- What needs to be done: Where the data below begins, start retyping exactly, and end on the line with "As the exhaust", which is included; no picture goes in.

- Data provided:
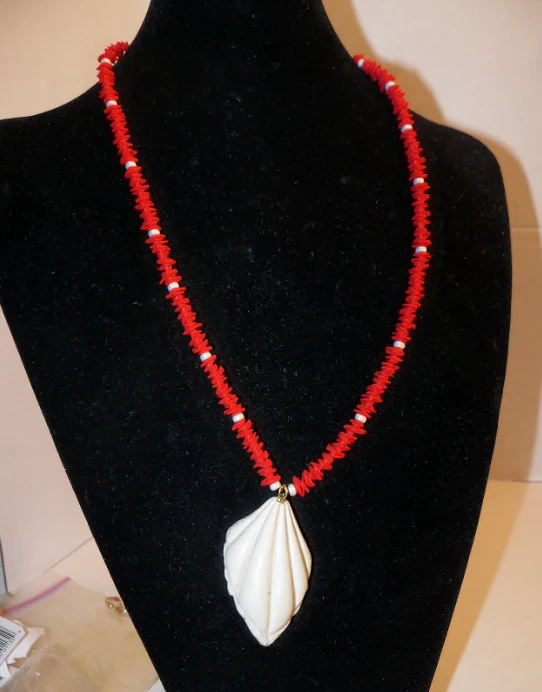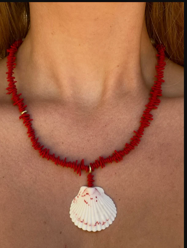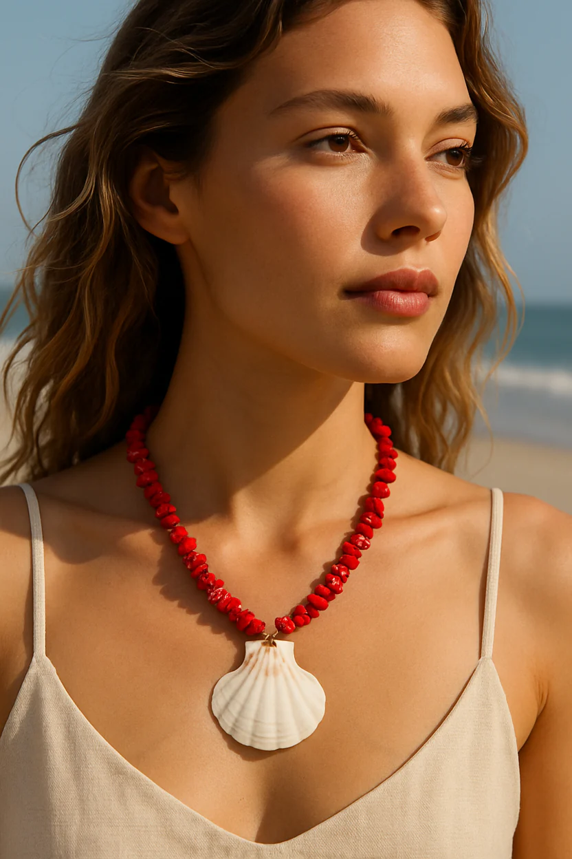 Make a splash in this fun red coral necklace with white pearls and a white scallop shell pendant. Made with red coral beads, freshwater pearls, and a seashell pendant.
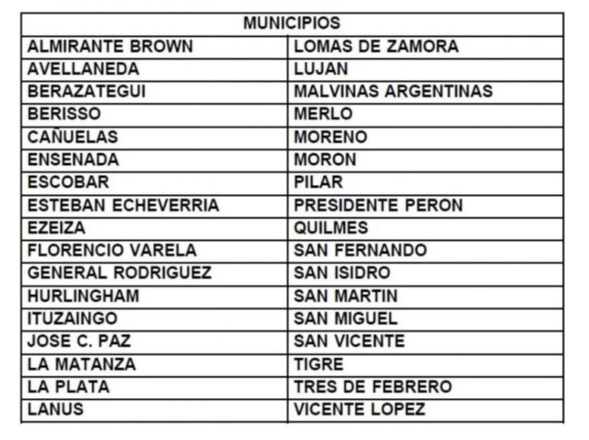 Esta medida rige en 34 partidos diferentes de la Provincia de Buenos Aires, entre los cuales se encuentran Almirante Brown, Avellaneda, Berazategui, Cañuelas, Esteban Echeverría, Ezeiza, Lanús, Lomas de Zamora, Presidente Perón, San Vicente, entre otras.
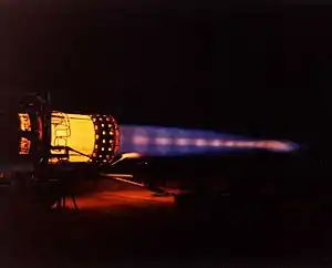 As the exhaust passes through the normal shock wave, its temperature increases, igniting excess fuel and causing the glow that makes the shock diamonds visible.[2] The illuminated regions either appear as disks or diamonds, giving them their name.
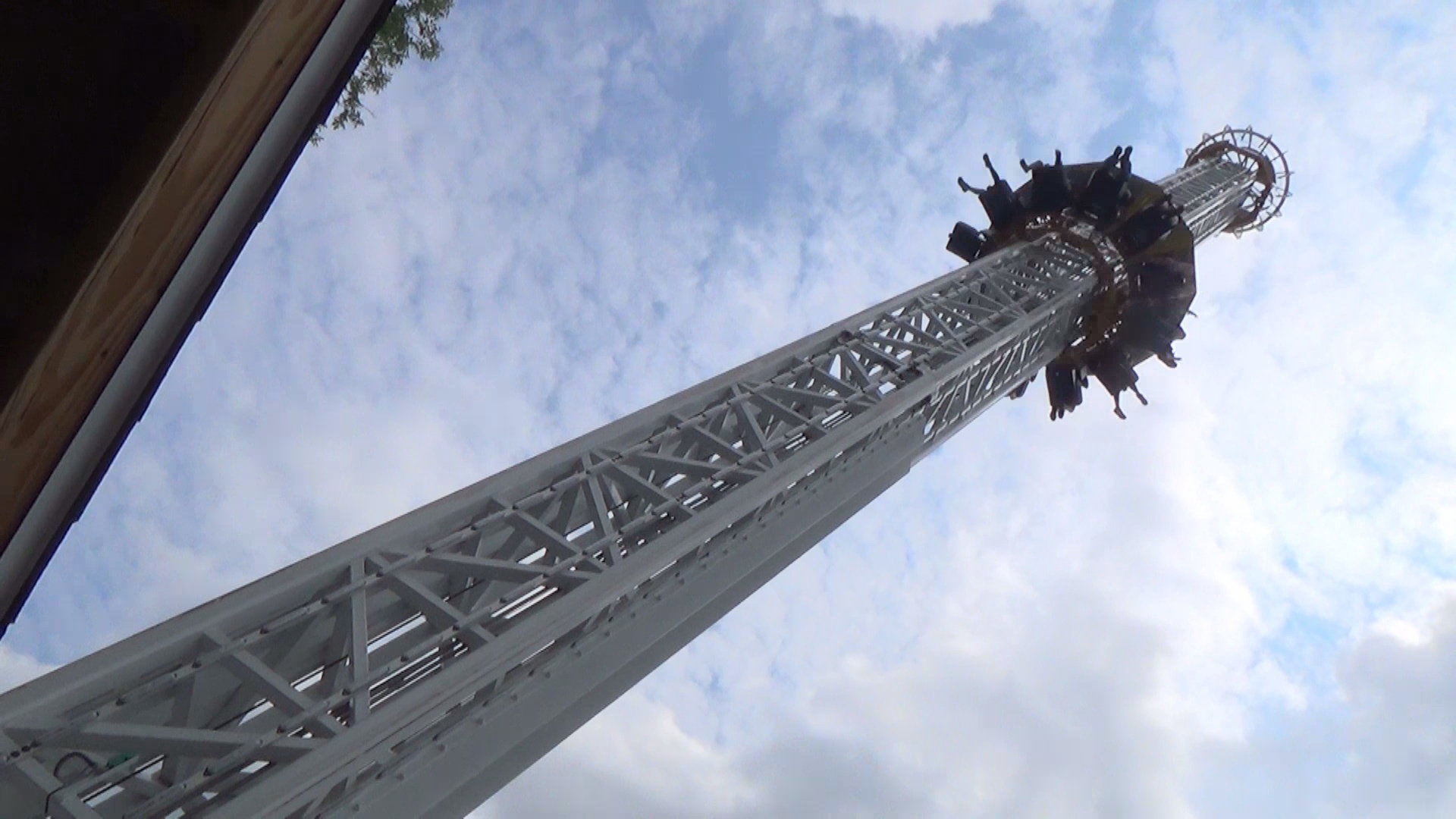 StratosFear, der allem Anschein nach von der Firma Larson International zusammengelötet wurde. Da wir noch auf unseren ersten Ride des Tages warten, nutzen wir die Gunst der Stunde und steigen ohne Wartezeit ein. Hier sitzt man im Dodekagon, sprich Zwölfeck um den Turm, was dafür sorgt, dass man die Nebenmänner und -frauen nicht wirklich sieht, da sie schon leicht seitlich von einem weggeknickt sind. Das sorgt für eine irgendwie interessante Einzelerfahrung. Was aber den viel größeren Unterschied macht, ist die Tatsache, dass der Fall sofort einsetzt, sobald die Gondel den höchsten Punkt erreicht. Kein Anhalten, keine Vorwarnung, nichts. Das spart nicht nur Zeit sondern ist auch ein echter Schocker, weil man nie wissen kann, wann der Fall kommt. Ein Feature dass ich tatsächlich auch dem typischen, wohl auf das Erzeugen von Spannung abzielenden, üblichen Freefall-Programm vorziehen würde. Zudem kommt uns der Fall an sich äußerst intensiv vor. So positiv überrascht lassen wir uns (das) gleich nochmal (ge)fallen und kommen auch später gerne nochmal wieder.

- Your response:
 Make a splash in this fun red coral necklace with white pearls and a white scallop shell pendant. Made with red coral beads, freshwater pearls, and a seashell pendant.
 Esta medida rige en 34 partidos diferentes de la Provincia de Buenos Aires, entre los cuales se encuentran Almirante Brown, Avellaneda, Berazategui, Cañuelas, Esteban Echeverría, Ezeiza, Lanús, Lomas de Zamora, Presidente Perón, San Vicente, entre otras.
 As the exhaust passes through the normal shock wave, its temperature increases, igniting excess fuel and causing the glow that makes the shock diamonds visible.[2] The illuminated regions either appear as disks or diamonds, giving them their name.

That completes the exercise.